El gancho no estaba en el modelo. Tampoco en el precio. El gancho estaba en las fotos. Ya podíamos poner las mejores razones del mundo para explicar por qué vendíamos la moto o el precio más suculento para que algún primo picase, que si las fotos no llamaban la atención la estafa no iba a salir como debía.
Para que la cosa fuese bien nos dimos de plazo una semana. Elegimos una moto porque era fácil de hacer desaparecer si las cosas se torcían, y el modelo lo sacamos de una lista de las más vendidas del año. Descartamos las cinco primeras y afanamos una lo suficientemente atractiva como para cumplir con el tiempo que nos habíamos dado. Le cambiamos la matrícula, la pintamos y en pocos días estábamos listos para empezar.
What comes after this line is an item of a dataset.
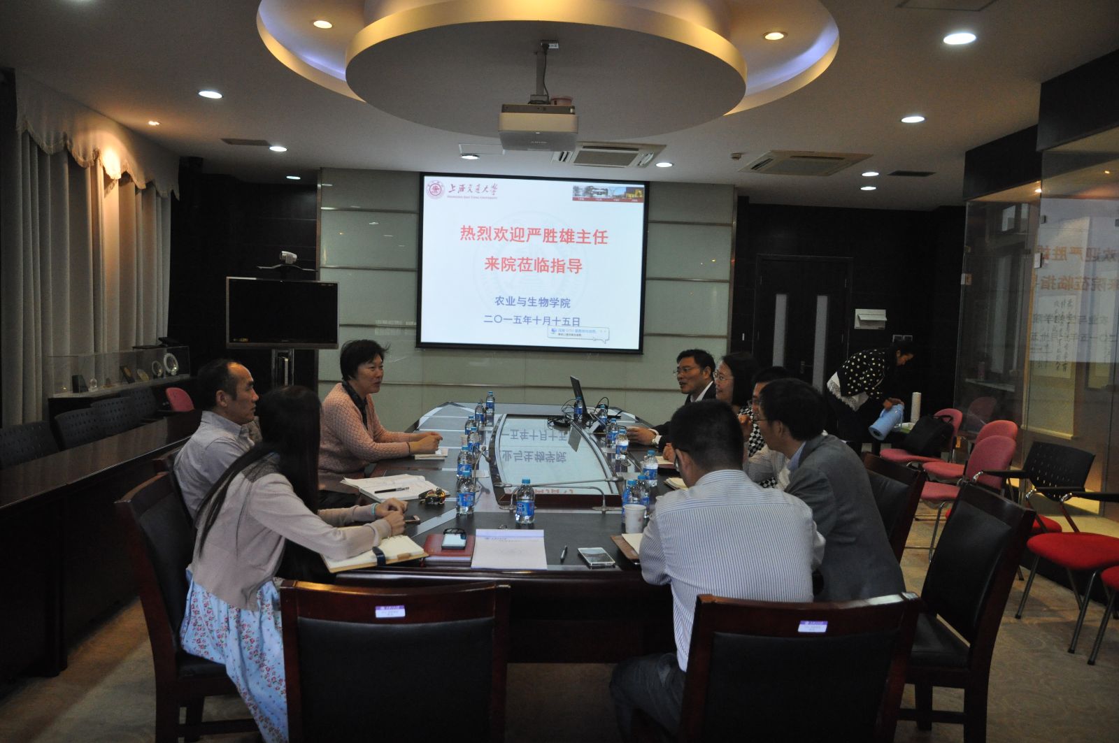 2015年10月15日,上海交大兼职研究员、上海市农委原副主任严胜雄莅临农生学院指导工作,农生学院院长周培、党委书记齐红、新农村发展研究院副院长曹林奎、学院副院长左开井、副院长陈功友及相关人员参加会议。

Una vez subido el anuncio a dos o tres webs no tardaron en escribir interesados, sin embargo todos parecían demasiado listos. Al final terminó por aparecer la persona adecuada: un hombre de cincuenta y tantos años que quería la primera moto para su hija. Ese era nuestro primo.
Para quedar con él mandamos a Álvaro, que al ser bajito y delgado podía pasar por un pringado cualquiera. Alguien completamente inofensivo. Su trabajo era empatizar con el objetivo y que la estafa siguiese adelante. Se ofrecería a ayudar con todo el tema de gestoría, cambio de nombre, etcétera porque un amigo suyo podía hacerlo rápido y a buen precio. Esa misma noche llamaron para confirmar que se quedaban con la moto.
El primer paso era hacer que pagasen una señal. Cien, doscientos euros serían suficientes. Así les manteníamos activos en la estafa. Después empezaba la parte final: redactar todo un papeleo falso, con un gestor falso, utilizar la matrícula falsa y un número de bastidor falso. El tiempo corría en nuestra contra.
En tres días todos los trámites burocráticos estaban listos; trámites burocráticos que obviamente no se habían hecho. Entonces llegaba el momento crítico: quedar de nuevo con el primo para entregarle la moto, pero antes tenía que hacernos la transferencia. Una vez recibido el dinero la cuenta bancaria se vaciaba y cerraba. ¿Por qué? Porque nadie iba a presentarse a entregar la moto.
Para cuando el pardillo y su hija llegasen al lugar de encuentro nosotros ya estaríamos en otra ciudad, con el dinero a salvo y dispuestos a encontrar al siguiente primo al que timar. Sólo había que repintar la moto, cambiarle la matrícula y la estafa empezaría de nuevo.